Glinda had a good feeling about the day. It was her one year anniversary at Diggs's Dress Salon, and Mr. Diggs had just announced that she was the store’s top saleswoman. She could be considered for a promotion soon, if she kept it up. Selling dresses and other items of beautification came naturally to Glinda, as she had spent her entire life conscious of her appearance, picking just the right colors, materials, and level of extravagation for every occasion.

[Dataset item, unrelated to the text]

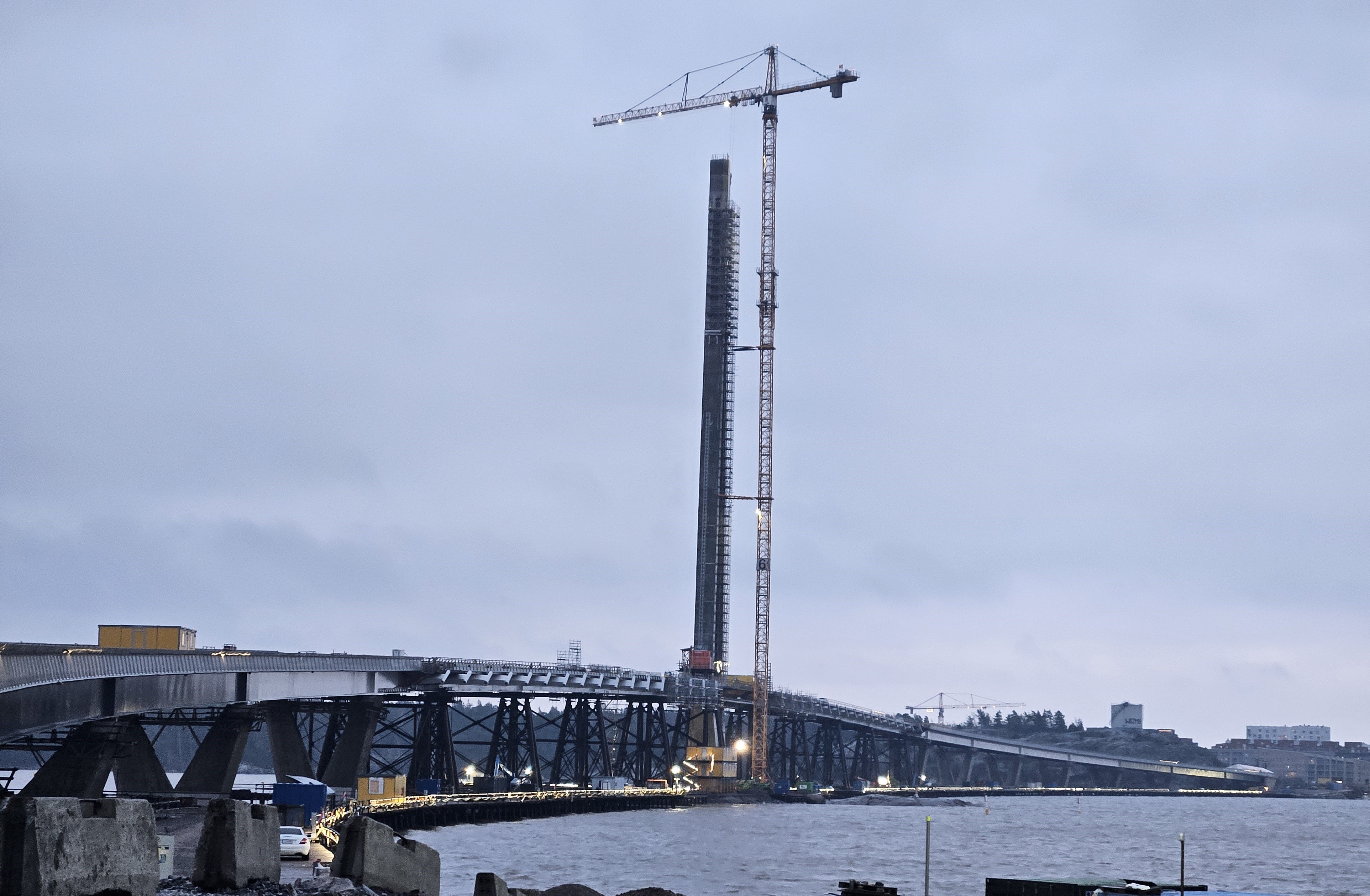 Helsingin Kruunuvuorenselällä sijaitsevan Suomen pisimmän sillan, Kruunuvuorensillan, kannatinpylväs eli pyloni on saavuttanut 135 metrin lakikorkeutensa.

Selling dresses, though, was not her real passion. Not that she would ever reveal that to Mr. Diggs, or any of her colleagues. She had revealed her real passion to only one person: a new pen pal she had picked out from the classifieds in Oz Weekly. She hadn’t been looking for a pen pal. Glinda wrote letters to her family, updating them whenever she won an invitation to a party with the biggest names in the city–the Emerald City, it still thrilled her to be building her life at the center of Ozian society–or if there was a particularly notable customer at the shop, but otherwise she didn’t like to pour her heart onto the page or anything like that. But there was a word in that ad that drew Glinda in, and she had sent a letter the very next day: sorcery.
No time to ruminate on sorcery now though, the shop doors were unlocked and customers were starting to trickle in.
An hour later, as Glinda led a middle aged woman with, as Mr. Diggs would say, a unique look through the racks of dresses–this woman was impossible to please–a young woman about Glinda’s age pushed open the door. The first thing Glinda noticed was that her skin was green. Based on the glances of other customers, they noticed this too, but as there was so much in the Emerald City that people hadn’t seen before, and so much green, they took her in, and went back to shopping. Glinda, however, continued to stare. The girl wore a black dress with tight sleeves that made way for voluminous, pointed shoulders, like two ravens keeping her company. It was so hideodeous Glinda couldn’t look away. Her face was quite pretty, if set in a serious expression. Glinda decided, if only she dressed differently, she’d be stunning. Perhaps that was why she had come into the shop.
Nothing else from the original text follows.